On April 24, with natural gas futures in the 1.970 to 2.028 range, we
alerted subscribers to an imminent up-move, writing: "The little speck
of an upturn off of last Thursday's decade low at 1.902 into yesterday's
high at 2.022 (+6.03%) accompanied by powerful anecdotal oscillator
evidence that natural gas is exhausted on the downside, and that we are
witnessing the initial up-move within what should be a base building
period ahead of a forthcoming bull phase."
Well, it has certainly gotten that move and then some. Now what?

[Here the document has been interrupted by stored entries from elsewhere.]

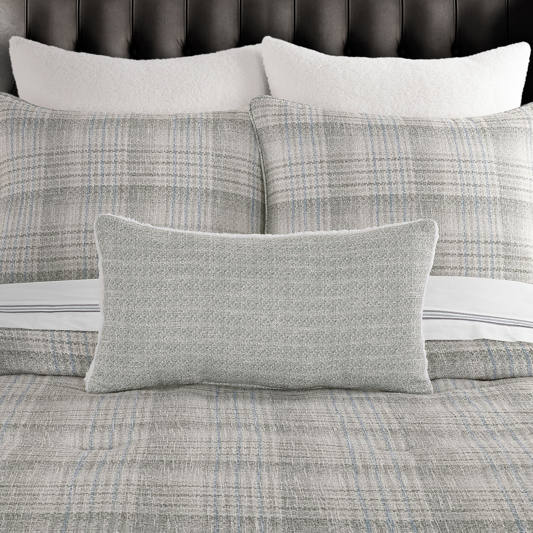 The alejandro boudoir throw pillow offers a cozy contemporary design that works all-year-round. Featuring a woven textured pattern, paired with a cozy sherpa on the reverse, allowing you to change up your decor anytime. Complete the alejandro collection with the luxurious bedding and window treatments (each sold separately).
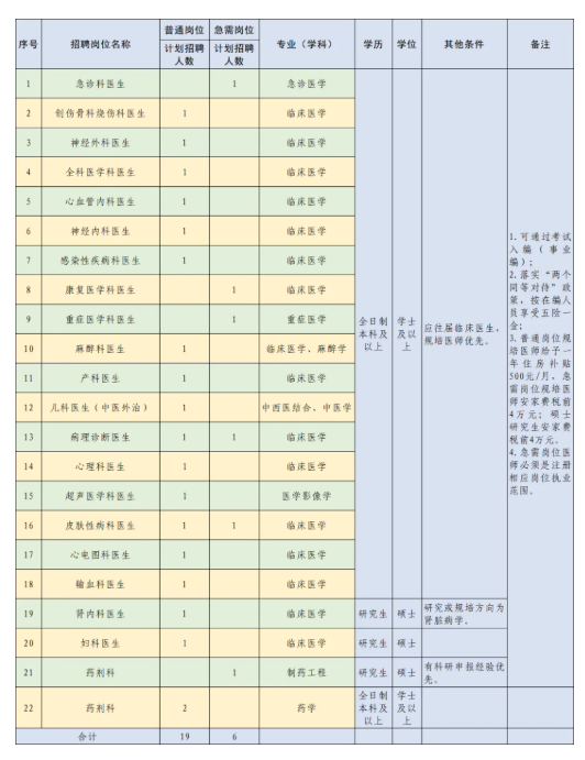 2.具有规培合格证的医生依照国卫办科教发〔2021〕18号文件,落实“两个同等对待”政策,即“面向社会招收的普通高校应届毕业生培训对象培训合格当年在医疗卫生机构就业的,在招聘、派遣、落户等方面,按当年应届毕业生同等对待。对经住培合格的本科学历临床医师,在人员招聘、职称晋升、岗位聘用、薪酬待遇等方面,与临床医学、中医专业学位硕士研究生同等对待”。普通岗位规培医师给予一年住房补贴500元/月,急需岗位规培医师安家费税前4万元,急需岗位医师必须注册相应岗位执业范围。
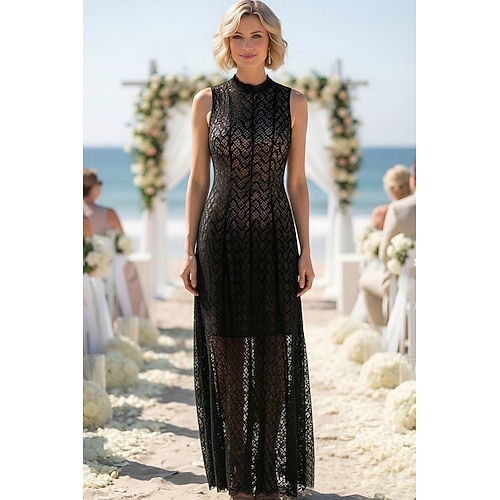 Due Pezzi Linea ad A Lunghezza al pavimento Abito da invitata a nozze Abiti da festa Elegante Senza Maniche Collo Alto Matrimonio Ospite di nozze con Pizzo

In the aftermath of the two week up-move in natural gas futures from
1.902 to 2.385 (+25%) that exhibited extremely bullish price structure,
all of the action off of the May 1 high so far has taken the form of a
coil-type of consolidation pattern that has preserved 70% of the initial
April-May up-leg, and in itself represents a shallow, bullish digestion
period.
The ability of natural gas to hold above 2.200 prior to climbing to
new highs should trigger powerful upside continuation towards
2.900-3.000. Conversely, a sustained break of 2.200 has potential to
trigger a much deeper correction, into the 2.050-2.000 area prior to my
expectation of upside continuation that projects to 2.6500-2.700.
Only a plunge that breaks the April 20 low at 1.9020 will invalidate
my constructive intermediate-term outlook for natural gas prices and the
ProShares Ultra Long Natural Gas ETF (BOIL).